Our historical narratives, our founding myths of a non-historical time reveal the potential of uncertainty and, in some ways, it is recurrent in our speech. Even in the most normative ways we can think of, like “soul mates”: it is about them the myth that humans were created with a body that was both male and female but separated by a punishment of the Gods.
To think about the non-binary is not, as many suggest, thinking the unthinkable simply because one cannot use as a contesting argument the dimorphism of human bodies - after all, there are intersex people or even those who (very rarely) are born without any sexual organ. These people will identify with a gender (or none) throughout their lives according to the perception that they have of themselves and their experiences in the world.
But gender, as we all should know, it is not the body itself, it is an interpretation of the body given by culture, designated through arbitrary semiotic relationships of what is male/female. A baby comes into existence long before being born. It exists as the subject of sex and gender from the time the ultrasound is done and the doctor says “it’s a boy” or “It’s a girl”. From that, a world of expectations is built, along with impositions, colors, names, possible school life. Gender is rhetoric you are given even before birth, it is assumed and is performative. After born one must learn to be the gender that one was given: cross legs, not move his hands so much, not cry.

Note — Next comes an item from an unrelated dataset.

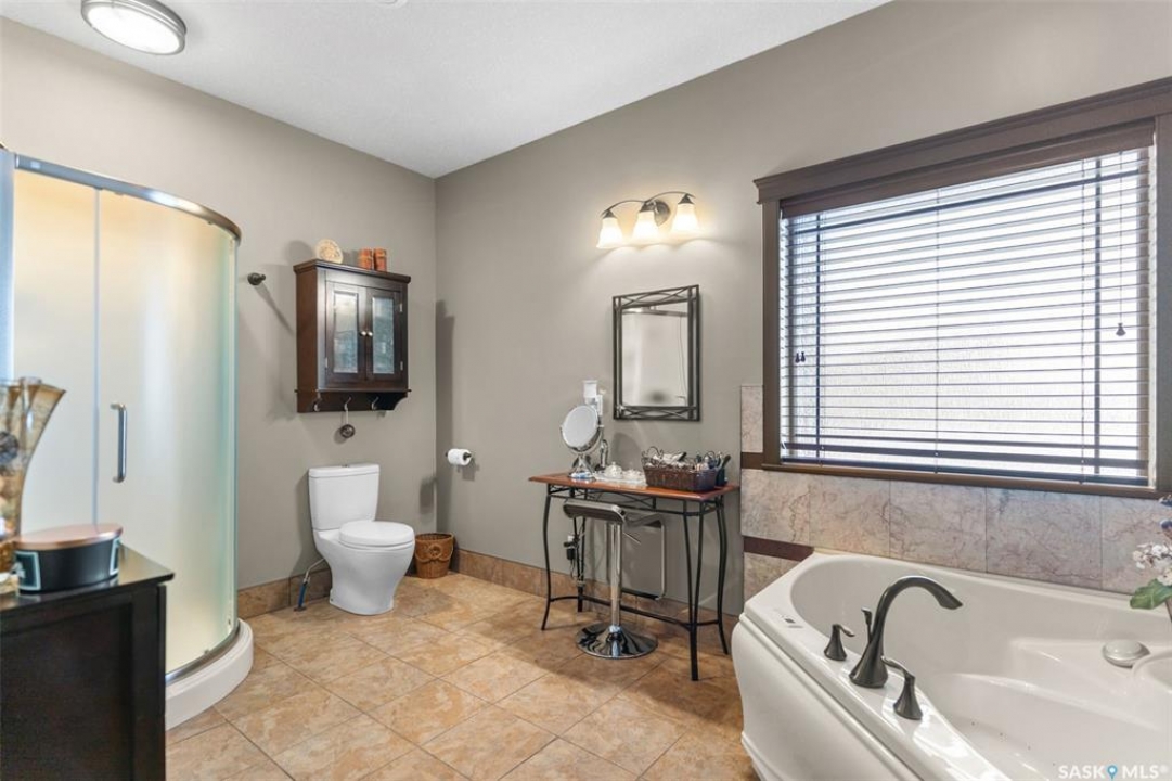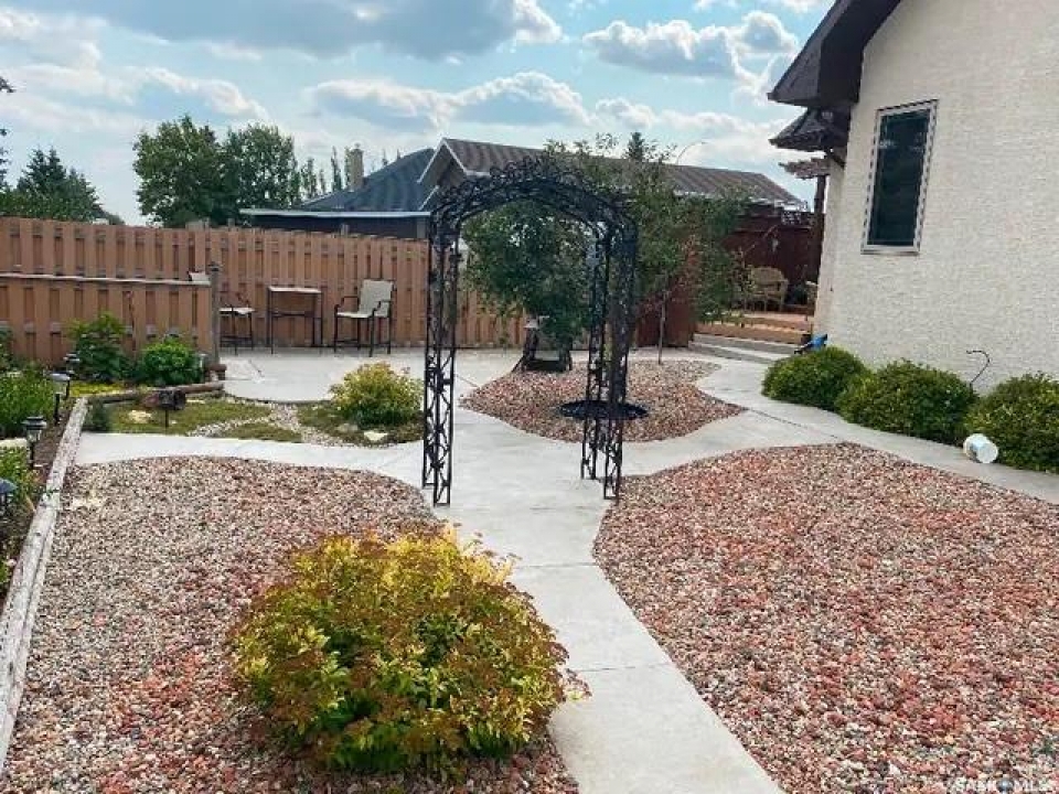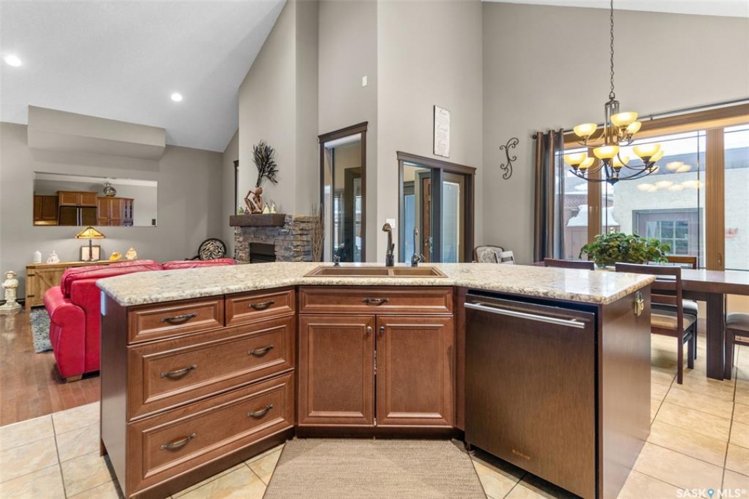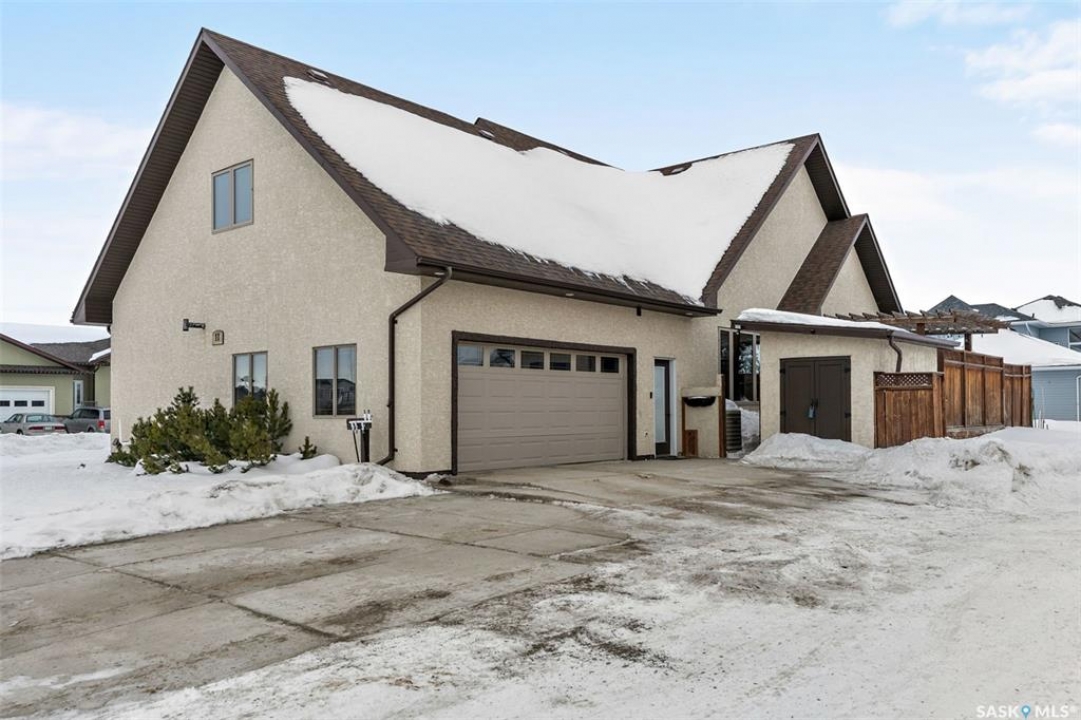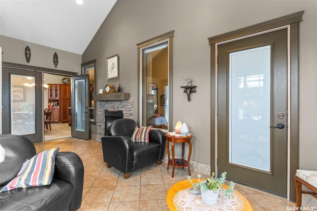 Step into this sophisticated luxury home where exceptional craftsmanship and high-end finishes create an atmosphere of refined elegance. This impressive 4-bedroom, 4-bathroom residence welcomes you with a grand foyer and stylish French doors that open into the main living area. At the heart of the home is a stunning living space featuring soaring vaulted ceilings and a striking double-sided fireplace, offering both warmth and architectural impact. The open-concept design flows seamlessly into a chef-inspired kitchen outfitted with top-of-the-line Jenn-Air appliances, rich maple cabinetry, a large central island, and luxurious granite countertops with a matching granite sink. The bright and inviting dining area easily accommodates a full-sized table and is enhanced by thoughtfully placed skylights that flood the home with natural light. A gorgeous sunroom, complete with its own fireplace and direct access to the backyard, provides a cozy year-round retreat. The main floor hosts three generously sized bedrooms, including a luxurious primary suite featuring a spacious walk-in closet and a spa-like 5-piece ensuite with a jetted tub, separate shower, and elegant vanity. A second 3-piece bathroom offers added convenience, along with a well-appointed laundry room that includes a 2-piece bath and tiled flooring. Upstairs, a versatile bonus room with hardwood floors and an electric fireplace offers endless possibilities—ideal for a relaxing lounge, home office, or games room with picturesque views. The partially finished basement includes a fourth bedroom, a 3-piece bathroom, a utility room, and a large heated crawl space with concrete flooring, providing excellent storage options. Outside, enjoy the beautifully landscaped yard featuring a garden shed, fenced areas for added privacy, and a spacious deck with pergola. Additional highlights include a heated double attached garage with direct entry, ample parking, and only 20 mins. from BHP Mine and 30 mins. to Humboldt.

There is intense effort put into fitting the subject in one of the gender poles, and beyond the fitting effort there’s the escape from it, what some call “gender dysphoria”: the medical and clinical discourse that turned into pathology what is a question of identity.
When I say I am queer I am not saying that any of these gendered “ways of living” stare upon me. I can look at a man and think “Am I like him?”. And my answer is "yes, in fact, I am"... the same is true when I look at a woman. But this is certainly not the most important issue. The central question is: do we need a gender in order to socialize? Is it really necessary to live from an intellection of another in binarity?
I am not one of those naive people who say “we’re all human”. When we equate everyone we hide the deep chasms that we have built to separate us – social chasms, class, gender, religious, sexual orientation. We are not only human, this is, perhaps, just one of our many identifying marks.
At this time, I consider my body an instrument of micro-political resistance. When I go out dressed in clothes said to be masculine I break up with normative discourses. My goal? For people to look at me and not know what I am.
Modernity has brought us too much confidence. We learned that we have a “paradise” (be it religious or an utopian socialist world), we learned that science could save us, that the science of the mind could protect us from our monsters, that money could end hunger. But it didn’t work. And the reason is clear: there is human immobility, there is multiplicity. And the experience of being male or female is multiple.
Judith Butler begins her book “Gender Trouble” with a question that troubles us even now: “Who is the subject of feminism?” What is this transcendence that classical feminism gave the concept of “woman”? Do we all live all the same experiences? Certainly not. Anyone willing to go into deeper reflection will find in him or herself elements of femininity and masculinity, the question is to be happy with the rules that define us.